### Listed entries

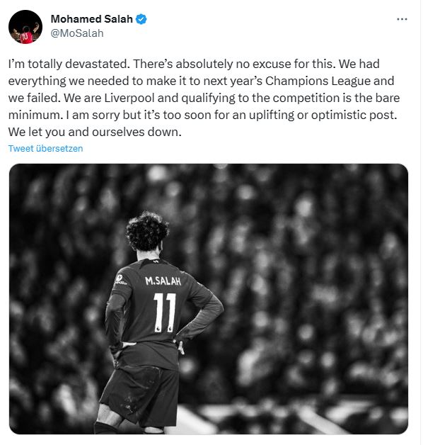 Trotz einer guten Rückrunde reicht es für den FC Liverpool nicht mehr für die Champions League. Mohamed Salah zeigt sich darüber tief bestürzt.
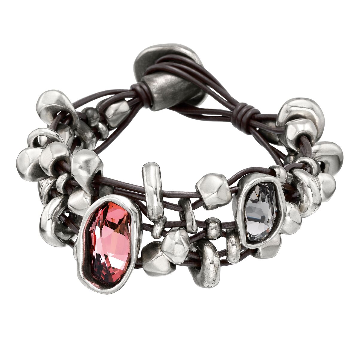 Кожаный браслет с серебряными бусинами и кристаллами Сваровски UnoDe50 Lady marmalade
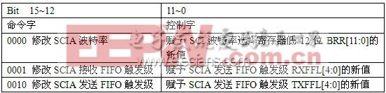 对硬件工作参数的修改是通过中断方式实现的。自定义一个16位控制寄存器User_CSR,其高4位用作命令字,低12位用作控制字。当应用程序通过PCI总线向User_CSR写进数据时,CPLD通过译码逻辑向F2812的外部中断管脚XINT2发出中断信号,F2812响应中断后,读取User_CSR的值,根据其命令字判定需要修改的是哪种参数,再根据其控制字得到新的参数值,将其写进相应的寄存器,即可完成修改。由于篇幅所限,仅以修改SCIA的设置为例,说明具体实现方法。User_CSR对SCIA修改的定义如下:
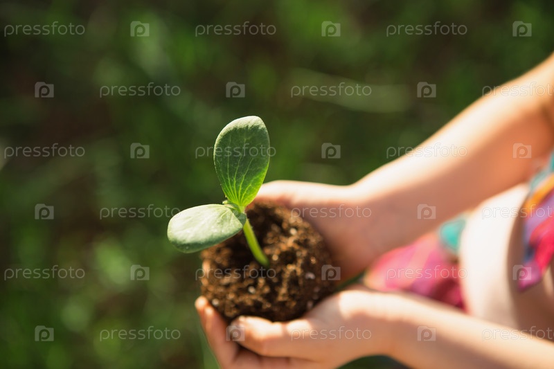 Молодой зеленый росток в руках ребенка в свете солнца на фоне зеленой травы. Натуральные саженцы, экологичность, новая жизнь, молодость. Концепция развития, мира, заботы. Копировать пространство
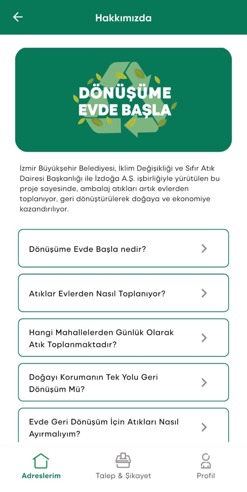 Avrupa ülkelerinin öncülük ettiği kapıdan kapıya atık toplama uygulamasını geçen aylarda İzmir’de hayata geçiren İzmir Büyükşehir Belediyesi, 8 ilçe ve 14 mahallede projeye devam ediyor. Katı atık depolama alanlarına giden ambalaj atıklarını azaltma, sıfır karbon hedefi, çevreyi koruma ve bu atıkların tekrar ekonomiye kazandırılmasını hedefleyen “Dönüşüme Evde Başla” projesinde yer alan ilçe ve mahallelerde yaşayan vatandaşlar için artık mobil uygulama da var. Uygulama ile vatandaşlar istek ve şikâyetlerini iletebiliyor. Projeyle tesis ile doğrudan iletişim sağlanması, yaşanan aksaklıklara çok daha hızlı çözüm üretilebilmesi hedefleniyor.
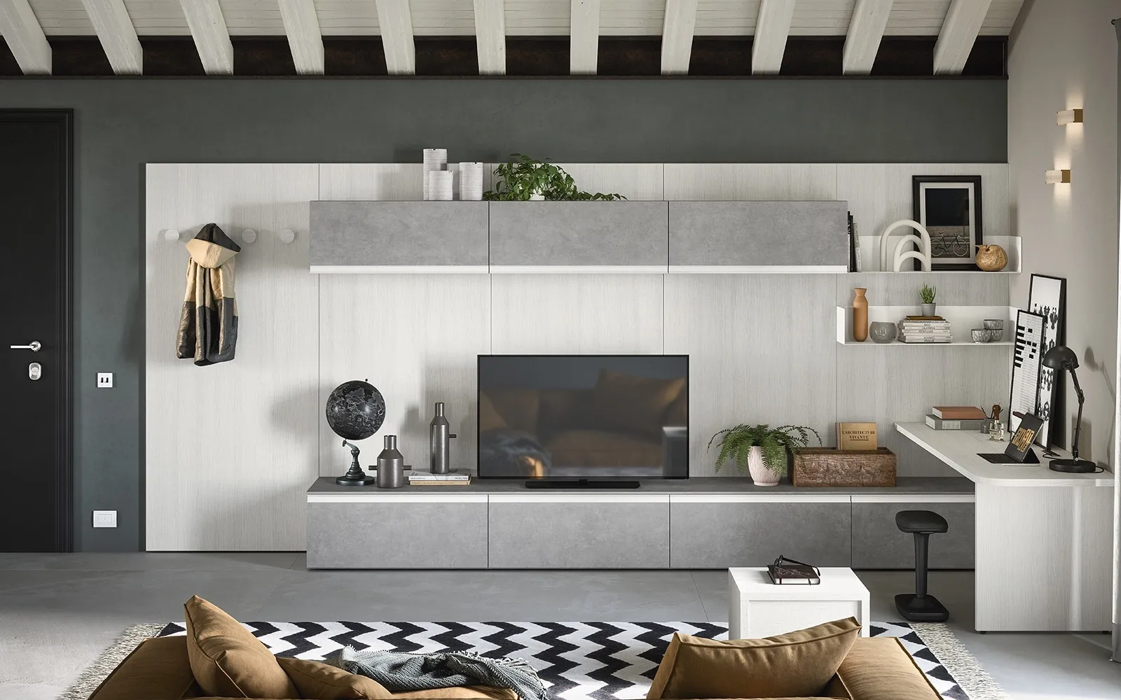 Questo modello costituisce tutta la qualità che il marchio garantisce grazie a pluriennale competenza e grande passione nel campo dell'arredo e del design. Se cerchi arredi salvaspazio e realizzabili su misura per te, contattaci e ottieni informazioni sull'Arredamento Casa dei migliori brand. Un po’ librerie, un po’ contenitori ed espositori: le Pareti Attrezzate sono ideali per sistemare uno spazio dinamico e operativo. Anche in un living abbastanza piccolo, questo tipo di arredo riesce a organizzare al meglio gli spazi ottimizzando ogni angolo e assicurando componibilità personalizzabile tipica delle soluzioni moderne. La Parete Attrezzata 06D di Cinquanta3 nell'immagine, realizzata in melaminico, risolve le più particolari esigenze abitative di spazio e stile senza rinunciare alla ricerca stilistica.
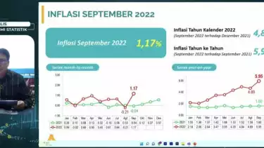 "Berdasarkan pantauan BPS di 90 kota pada September 2022 terjadi inflasi 1,17 persen," kata Kepala BPS Margo Yuwono dalam konferensi pers di Jakarta, Senin (3/10/2022).
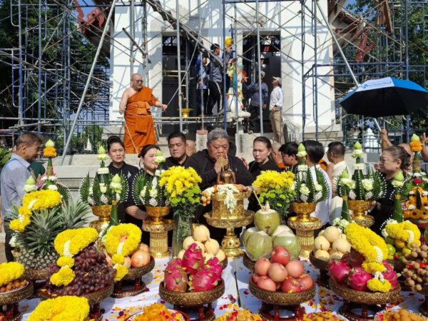 อยุธยา – นายกเทศมนตรีนครพระนครศรีอยุธยาร่วมพิธีบวงสรวงยกช่อฟ้า พระวิหารหลวงพ่อแขนลาย และร่วมมุทิตาสักการะ เนื่องในโอกาสอายุวัฒนมงคล 70 ปี พระวชิโรภาส (ประดิษฐ์ ฐานิโก) รองเจ้าคณะจังหวัดพระนครศรีอยุธยา
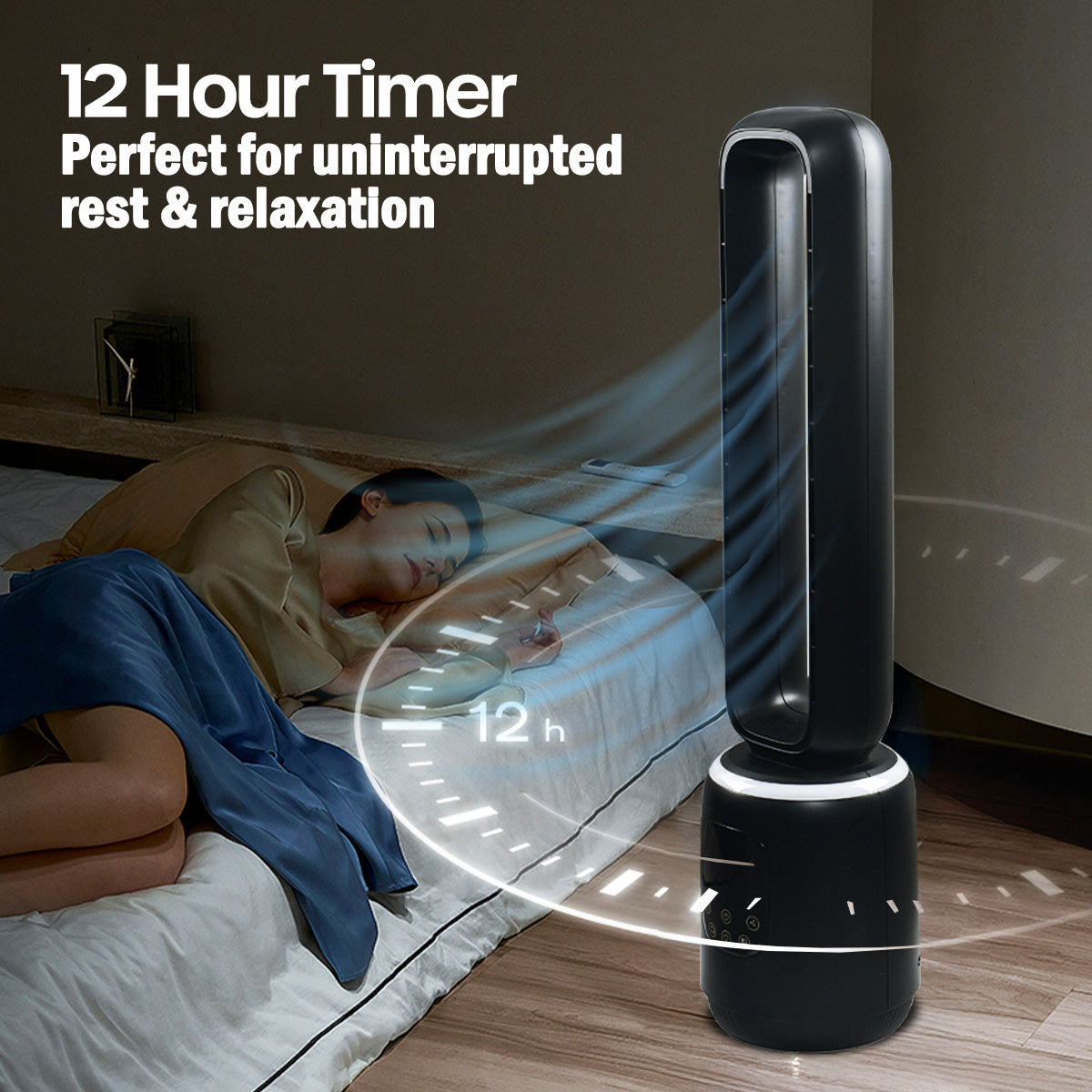 This fan also features a built-in LED lamp with four colour options, adding a soft ambient glow that enhances the mood of your space, day or night. With a 70° oscillation angle, strong airflow up to 5.06 m/s, and a 0–12 hour timer, it delivers wide and consistent cooling coverage while conserving energy.

######

Problem description. Exactly as written, repeat the lines from the beginning of the entries up to and including the line with "Молодой зеленый росток", but not the pictures.

Output for this task.
 Trotz einer guten Rückrunde reicht es für den FC Liverpool nicht mehr für die Champions League. Mohamed Salah zeigt sich darüber tief bestürzt.
 Кожаный браслет с серебряными бусинами и кристаллами Сваровски UnoDe50 Lady marmalade
 对硬件工作参数的修改是通过中断方式实现的。自定义一个16位控制寄存器User_CSR,其高4位用作命令字,低12位用作控制字。当应用程序通过PCI总线向User_CSR写进数据时,CPLD通过译码逻辑向F2812的外部中断管脚XINT2发出中断信号,F2812响应中断后,读取User_CSR的值,根据其命令字判定需要修改的是哪种参数,再根据其控制字得到新的参数值,将其写进相应的寄存器,即可完成修改。由于篇幅所限,仅以修改SCIA的设置为例,说明具体实现方法。User_CSR对SCIA修改的定义如下:
 Молодой зеленый росток в руках ребенка в свете солнца на фоне зеленой травы. Натуральные саженцы, экологичность, новая жизнь, молодость. Концепция развития, мира, заботы. Копировать пространство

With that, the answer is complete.